🤖 AI Summary
To address strategic coordination challenges in long-horizon human–machine collaboration under incomplete information, this paper proposes a multi-step intention-driven online cooperative decision-making framework. Methodologically, we extend shared-control games to support multi-action rounds and introduce IntentMCTS—an online Monte Carlo Tree Search algorithm integrating dynamic belief memory, multi-step intention modeling, and intention-augmented reward shaping. Our core contribution lies in overcoming the limitations of single-step intention reasoning, enabling interpretable, communicable multi-step goal inference and real-time planning. Evaluated on the Gnomes at Night benchmark, our approach improves task completion rate by 18.52% while significantly reducing execution steps and control switches.
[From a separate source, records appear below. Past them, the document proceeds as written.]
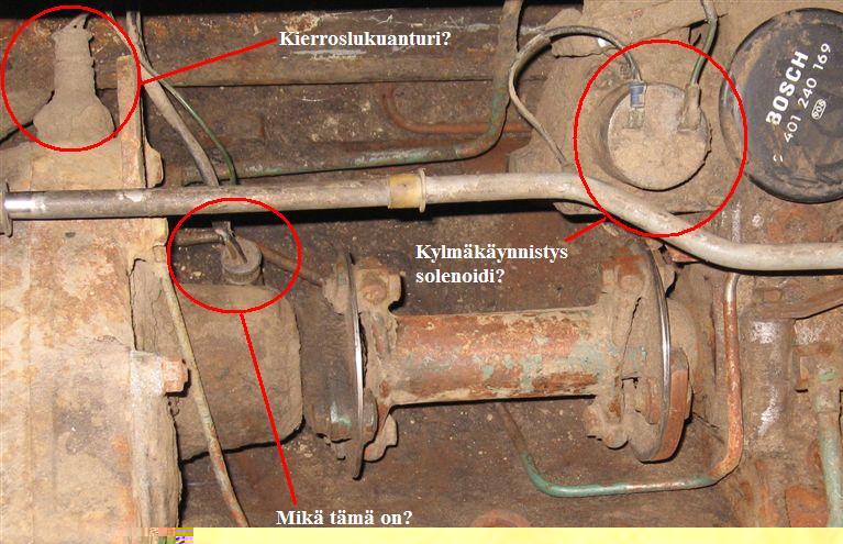 download/file.php?id=466&mode=view löytyy kuva koneen päältä. Mittarin takaa anturin piuhat yhteen ja anturin liittimestä mittaat resistanssin, niin saat selville piuhojen kunnon. Sitten vielä tietenkin mittaat että mittarille tulee jännite. Anturin mittaaminen antaa joitain (satoja)ohmeja, riippuen anturin tyypistä. Itselläkin tämä edessä, mutta kun on muka niin paljon muutakin tekemistä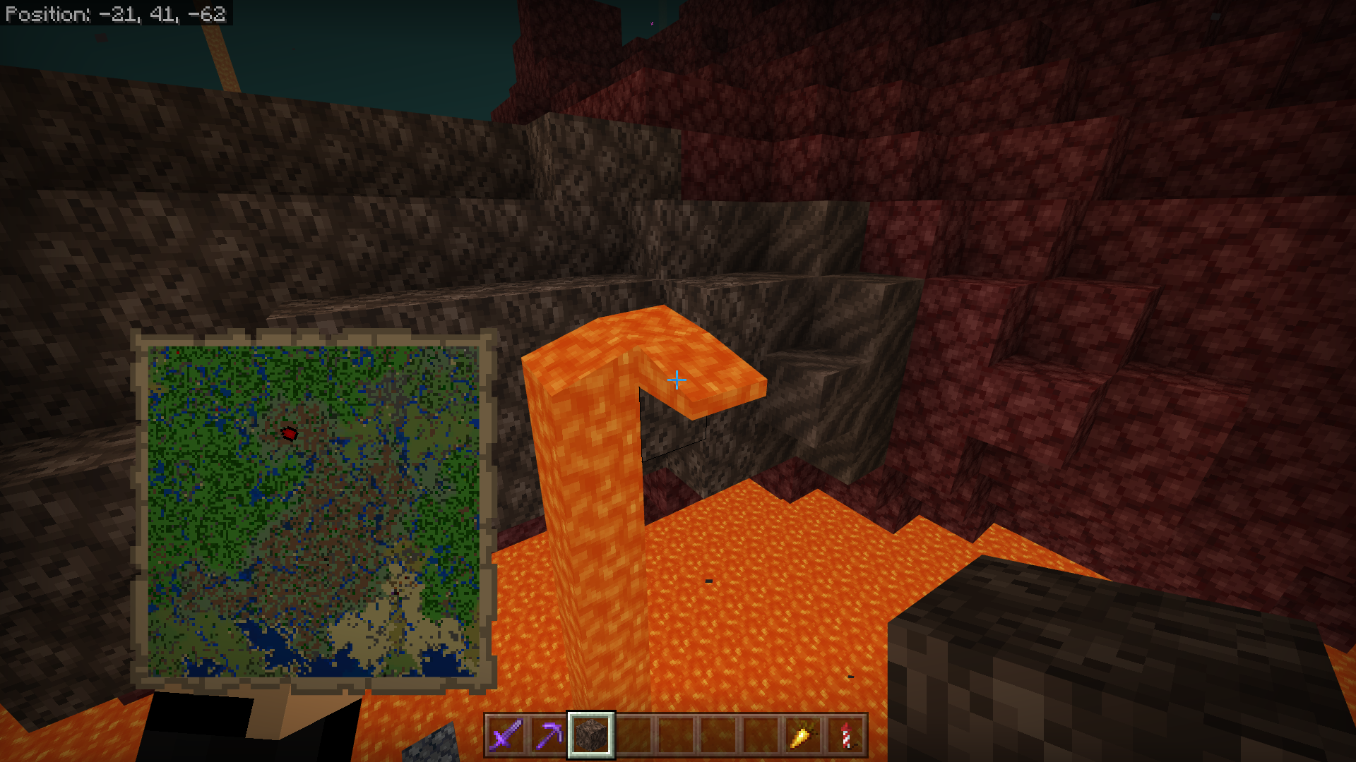 Try to locate a waterfall (in a ravine or cave) or a lavafall (in the nether)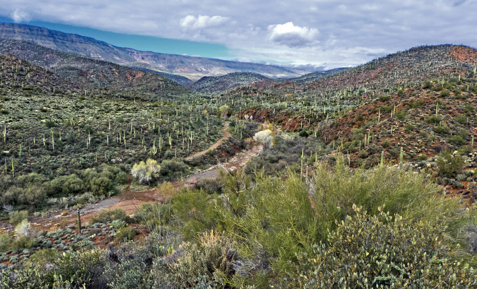 Cave Creek. You can see the Spur Cross trail below next to that bushy Cottonwood tree ahead. I had hoped we would have came out there so that we could loop back via the Metate but we came out on the road further up (south in this case).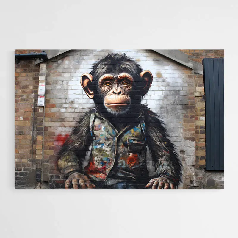 Ce qu'on adore, c'est le contraste entre le côté très urbain du mur, brut, texturé, presque new-yorkais, et la douceur du regard du singe. Il y a quelque chose de tendre mais aussi d'un peu impertinent. Sa posture, ses vêtements, tout ça ajoute une dimension inattendue, presque humaine. On ne sait pas si on doit rire, s'attendrir... ou les deux.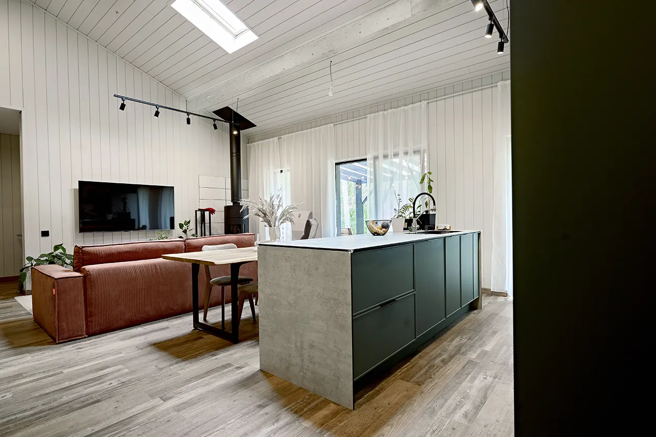 Местом дружных семейных встреч в новом доме стала большая кухня-гостиная площадью 49 м². Она переходит в огромную террасу 39 м². В теплое время года здесь открывается простор для трапез, встречи гостей, веселых игр с детьми.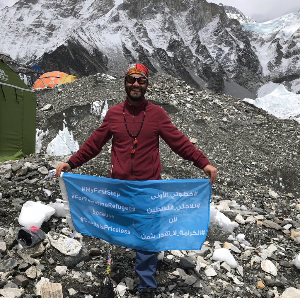 على قدمه الوحيدة، قرَّر اللاجئ الفلسطيني جراح الحوامدة أن يحقق حلمه، ويرد الجميل إلى المكان الذي علمَه، ولم يختر أسهل

A user study further demonstrates reduced cognitive load and higher satisfaction, confirming that multi-step intention modeling enhances both long-term collaborative efficiency and human-centered adaptability.
📝 Abstract
Strategic coordination between autonomous agents and human partners under incomplete information can be modeled as turn-based cooperative games. We extend a turn-based game under incomplete information, the shared-control game, to allow players to take multiple actions per turn rather than a single action. The extension enables the use of multi-step intent, which we hypothesize will improve performance in long-horizon tasks. To synthesize cooperative policies for the agent in this extended game, we propose an approach featuring a memory module for a running probabilistic belief of the environment dynamics and an online planning algorithm called IntentMCTS. This algorithm strategically selects the next action by leveraging any communicated multi-step intent via reward augmentation while considering the current belief. Agent-to-agent simulations in the Gnomes at Night testbed demonstrate that IntentMCTS requires fewer steps and control switches than baseline methods. A human-agent user study corroborates these findings, showing an 18.52% higher success rate compared to the heuristic baseline and a 5.56% improvement over the single-step prior work. Participants also report lower cognitive load, frustration, and higher satisfaction with the IntentMCTS agent partner.